EL FIN DE LOS SACRIFICIOS HUMANOS EN EL IFISMO.

Apataki de Irete-Meji

Después de haber obtenido el secreto de la prosperidad, El decidió que había llegado el momento de venir al mundo. Antes de partir el se fue a ver con Ifa y este le dijo que hiciera ebo de manera que evitara problemas a la hora de tener hijos en el mundo. Se le dijo que le diera a su Ifa 1 chivo, y otro a Eshu. El sin vacilar rápidamente hizo lo pedido y luego partió para la Tierra.

Al llegar al Mundo el fue a un pueblo llamado Oke mesi donde se dedico a la practica de Ifa. Prospero pero no tuvo hijos. Posteriormente se caso con una mujer la que le dio una hija. Pero el estaba ansioso por tener hijos.
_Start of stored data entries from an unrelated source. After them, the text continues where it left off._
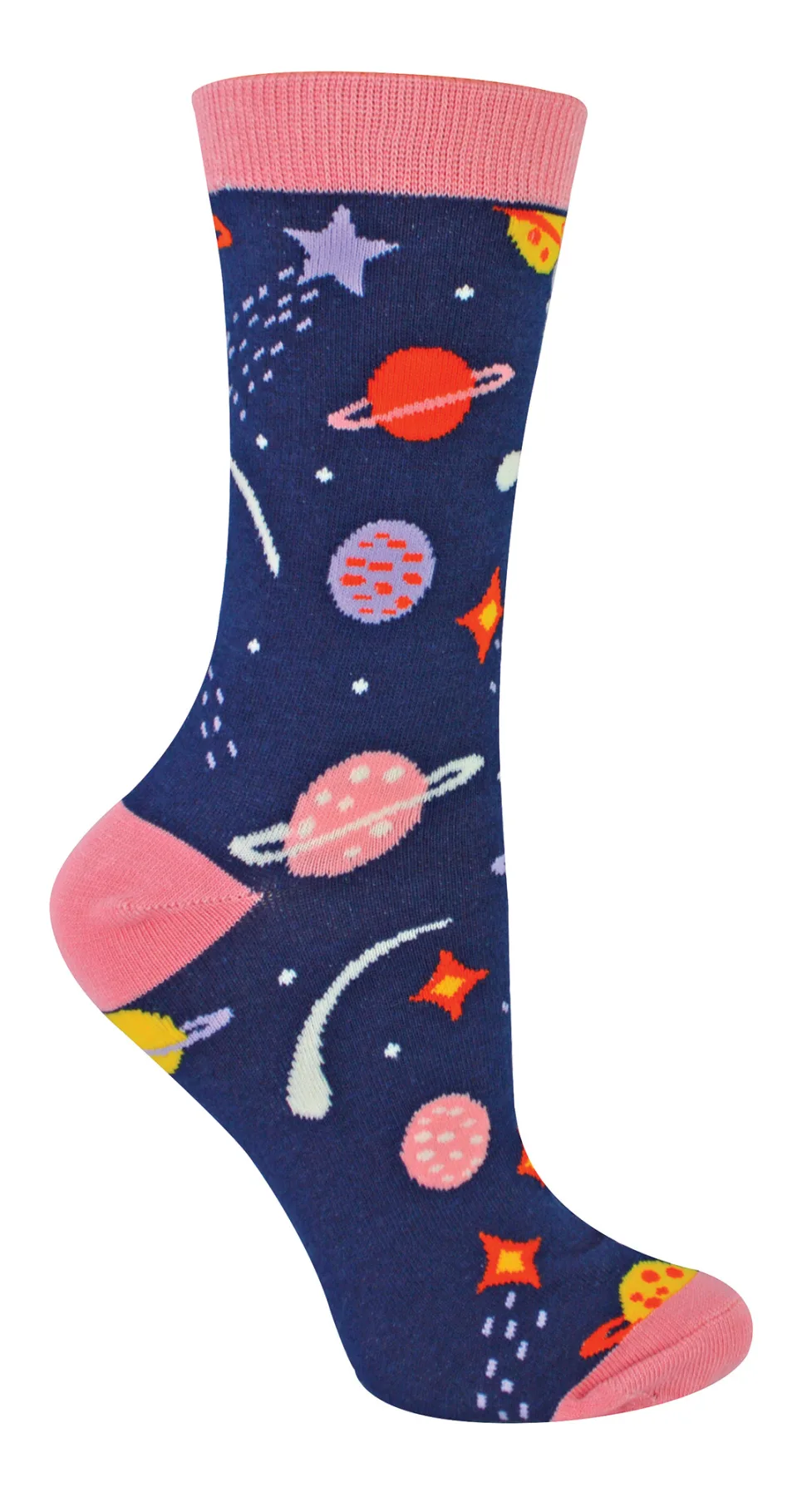 Miss Sparrow – 3 Paar Dames Ruimte Sokken met Zonnestelsel en Sterrenpatroon – Ruimte (Marine)
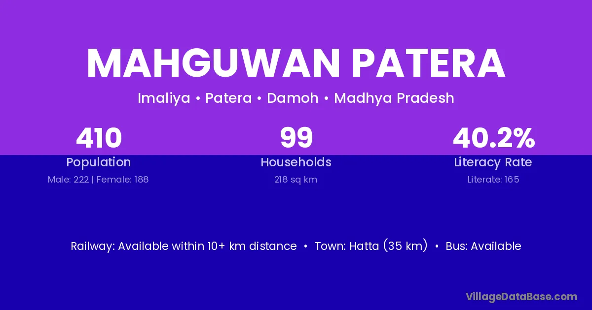 Mahguwan Patera village has a total population of 410 people, of which 222 are males and 188 are females.
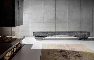wirken. In Lichtinseln arrangiert, warten hier Wohnensembles darauf, entdeckt zu werden. Besonderes Highlight: die rauen Wände in dunklem Anthrazit sind eigentlich eine Außenfassade, erzeugen im Innenraum aber eine ganz besondere Stimmung.
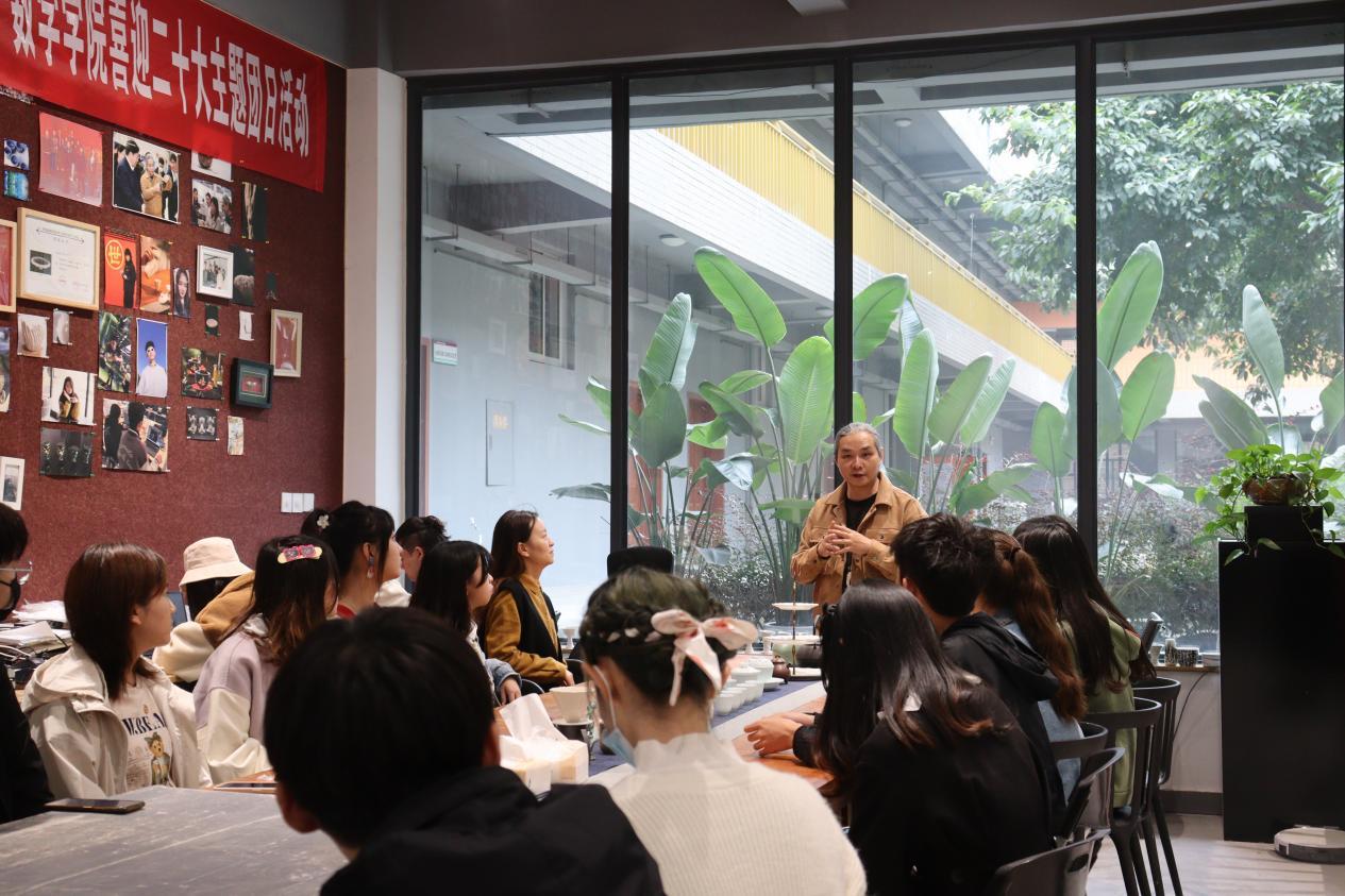 随后,陶瓷艺术与制作工艺实验室主任王永亮老师以风趣幽默地方式从实验室基本情况、陶瓷艺术的发展、陶瓷制作的工艺流程等方面向大家进行了耐心地讲解,特别展示了实验室打造的熊猫飘逸杯、变脸盖碗以及vwin德赢125周年文创作品的设计理念及创作来源。讲解完毕后,王老师为大家提供了关于陶绘的工具材料,在讲解完绘画流程和操作的注意事项之后。师生们开启了一次围绕“爱国、爱党、爱校”为主题的陶画创作。
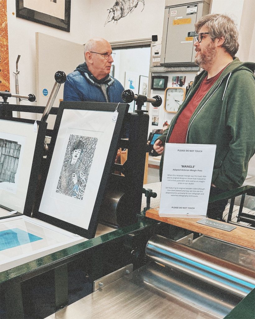 Downstairs, the print rooms were buzzing. One of the rooms housed a large and well-loved Intaglio press – still the most used in the studio – alongside printed tote bags, notebooks and other handmade items available to purchase. It’s the kind of place where you can find something unique and bespoke, all while supporting local artists directly.
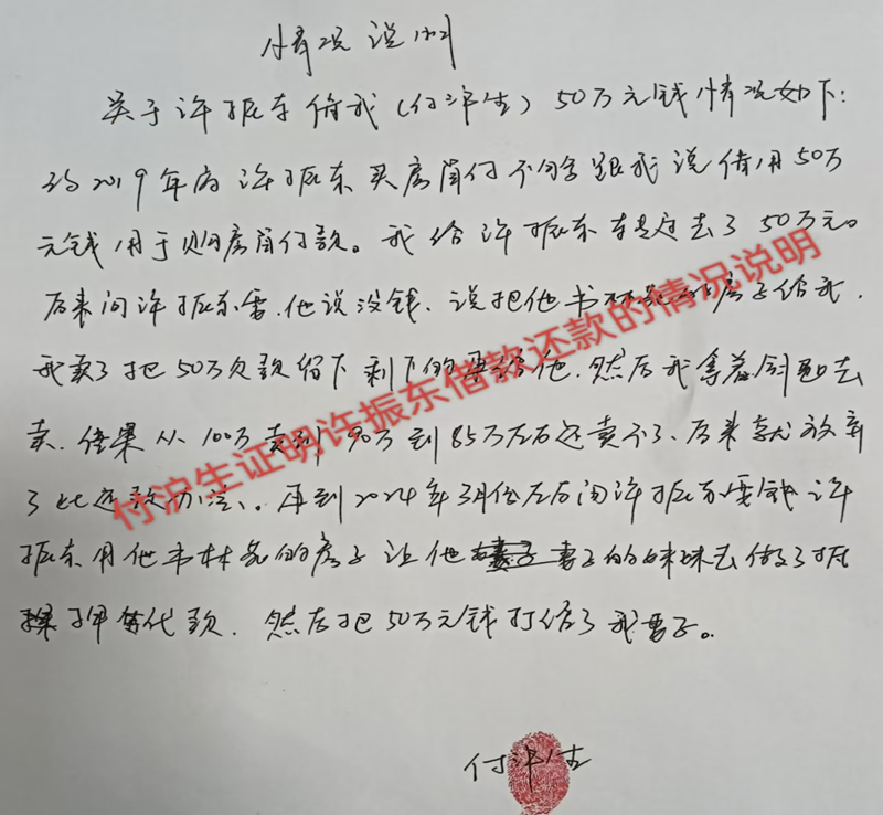 今年年初,付沪生又跟我要钱,我说房子也卖不动,要不注册个公司用我的房子做抵押贷款吧。于是,我就让我妻子的妹妹作法人及大股东,成立了辰星公司,授信了抵押贷款58万元。5月份贷款下来,辰星公司一次性转给付沪生个人账户50万元。后来,我要用钱,付沪生又转给了我20万元,这样我借付沪生的50万元已归还付沪生30万元,还有20万元没还。

Un día es decidió consultar su Ifa, acerca del por que no podía tener un varón Ifa le dijo que debería hacer ebo con un venado (Agbonrin), como el no era un cazador decidió ir a la cercana aldea de Ufo, para ver si obtenía el venado a la vez que practicaba Ifa.

Al llegar a la aldea conoció una mujer llamada Kporoye, la cual era casada pero no había podido tener hijos, que vino a verlo por adivinación para ver si resolvía este problema. El le dijo que tendría hijos, si ella podía hacer el sacrificio con una gallina, un conejo rápidamente la mujer proporciono las cosas para el ebo y el uso la gallina para hacer sacrificio a Ifa y el conejo fue preparado para los ancianos de la noche, la mujer debería de llevar el sacrificio junto al gran hueco abierto para la caza de elefantes, al caer la noche.

Después de haberle hecho el ebo a Kporoye, el salió para el monte con el fin de recoger unas hojas para su trabajo, el llevo su espejo mesmerismo. Mientras recogía las hojas, vio un gran ciervo mediante su espejo, lo conjuro para que viniera donde el estaba para poderlo coger, el animal obedeció la orden y fue atrapado. Tan pronto el ciervo se sintió en peligro, comenzó a luchar por su vida, en la lucha, ambos cayeron al hoyo. Dentro del hoyo también había caído una gran Boa. El dentro del hoyo mediante un palo pudo matar al venado, pero estaba atrapado en la trampa.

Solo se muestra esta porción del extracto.